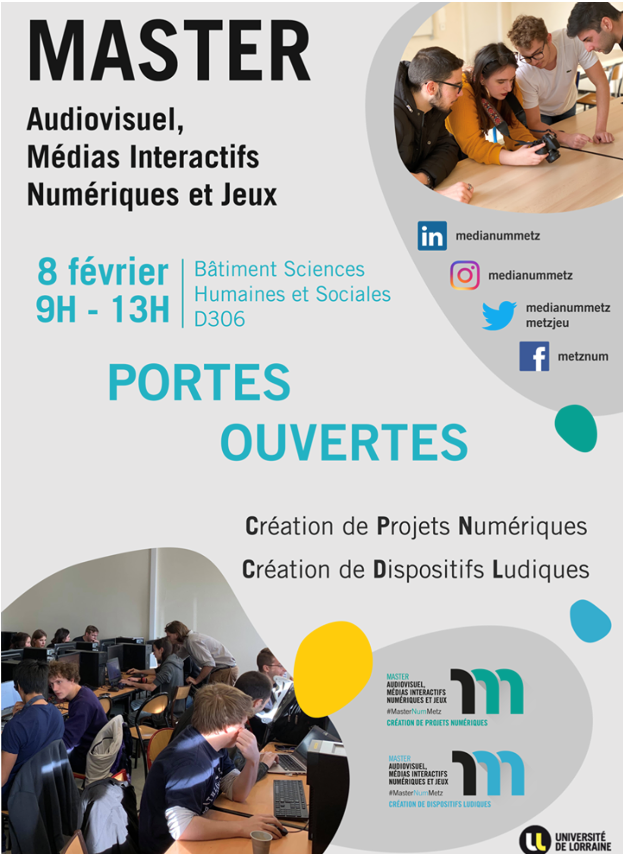 Dans le cadre des journées portes ouvertes de l'UFR Sciences Humaines et Sociales de Metz, les étudiants du Master Créations de Dispositifs Ludiques et Création de Projets Numériques présenteront leurs travaux.
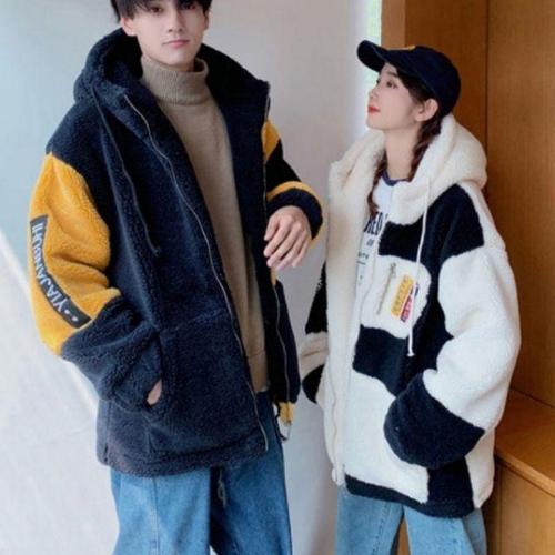 [모노무드]LMO 남녀공용 따뜻하고베이직 배색으로 세련된 양털 후드집업
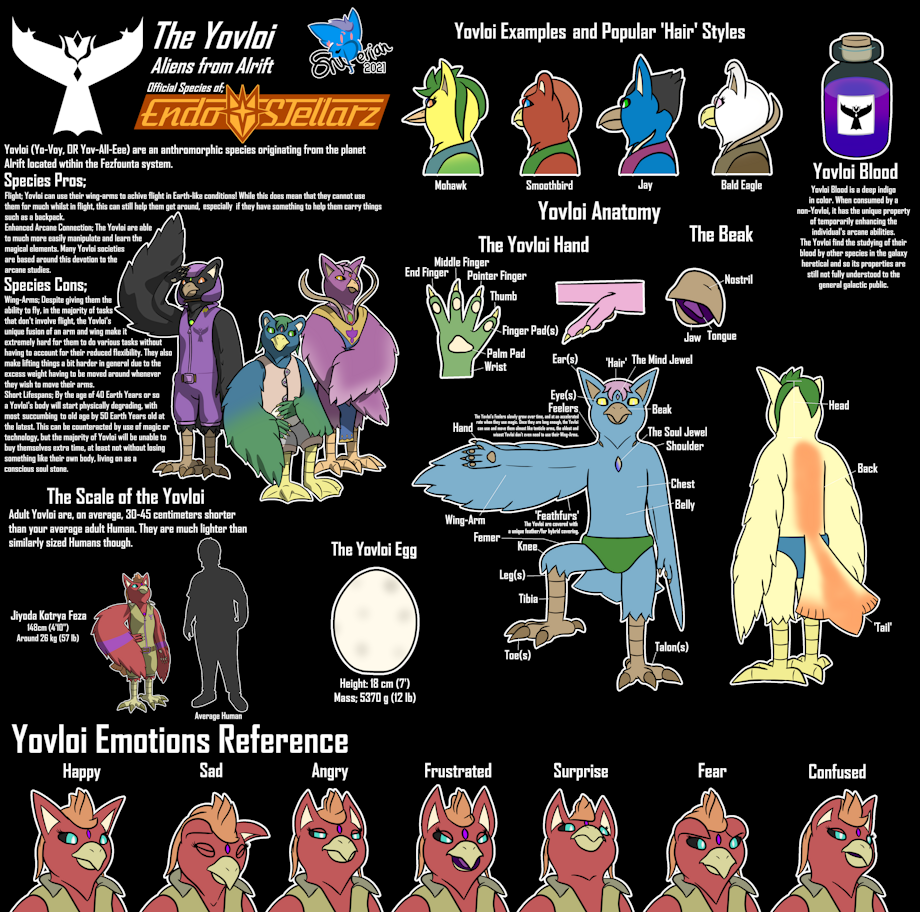 Yovloi Yovloi (Yo-Voy OR Yov-All-Eee) are an anthropomorphic species originating from the planet Alrift located within the Fezfounta system. They have two eyes, arms, ears, and legs similar to a Human, though notably their arms appear to be a mix of human arms and avian wings. Their body is covered mostly in vibrantly colored feathers and below a thin layer of similarly colored fur. Their arm wings allow them to fly, being one of only two species usually capable of flying in Earth-like conditions. (Glidori being the other flight-capable species.) They can have one of a variety of tails, most of witch are capable of assisting in flight. In their chests is a glowing gem the Yovloi claim harnesses their soul and amplifies their magical abilities. Female Yovloi have two gems unlike their single gem male counterparts, though rarely some females can have three gems! Upon their death their gem(s) grow dark and inert. Yovloi have hard skinned legs leading to talons for feet, though in rarer cases paws.
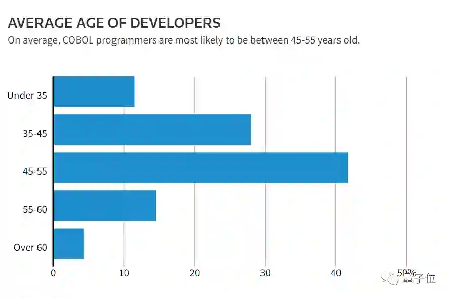 据路透社统计,当前COBOL程序员平均年龄在45-55岁之间。

[Exercise directions] Pictures stay out of the copy; print the material above exactly.

[Response to this task]
 Dans le cadre des journées portes ouvertes de l'UFR Sciences Humaines et Sociales de Metz, les étudiants du Master Créations de Dispositifs Ludiques et Création de Projets Numériques présenteront leurs travaux.
 [모노무드]LMO 남녀공용 따뜻하고베이직 배색으로 세련된 양털 후드집업
 Yovloi Yovloi (Yo-Voy OR Yov-All-Eee) are an anthropomorphic species originating from the planet Alrift located within the Fezfounta system. They have two eyes, arms, ears, and legs similar to a Human, though notably their arms appear to be a mix of human arms and avian wings. Their body is covered mostly in vibrantly colored feathers and below a thin layer of similarly colored fur. Their arm wings allow them to fly, being one of only two species usually capable of flying in Earth-like conditions. (Glidori being the other flight-capable species.) They can have one of a variety of tails, most of witch are capable of assisting in flight. In their chests is a glowing gem the Yovloi claim harnesses their soul and amplifies their magical abilities. Female Yovloi have two gems unlike their single gem male counterparts, though rarely some females can have three gems! Upon their death their gem(s) grow dark and inert. Yovloi have hard skinned legs leading to talons for feet, though in rarer cases paws.
 据路透社统计,当前COBOL程序员平均年龄在45-55岁之间。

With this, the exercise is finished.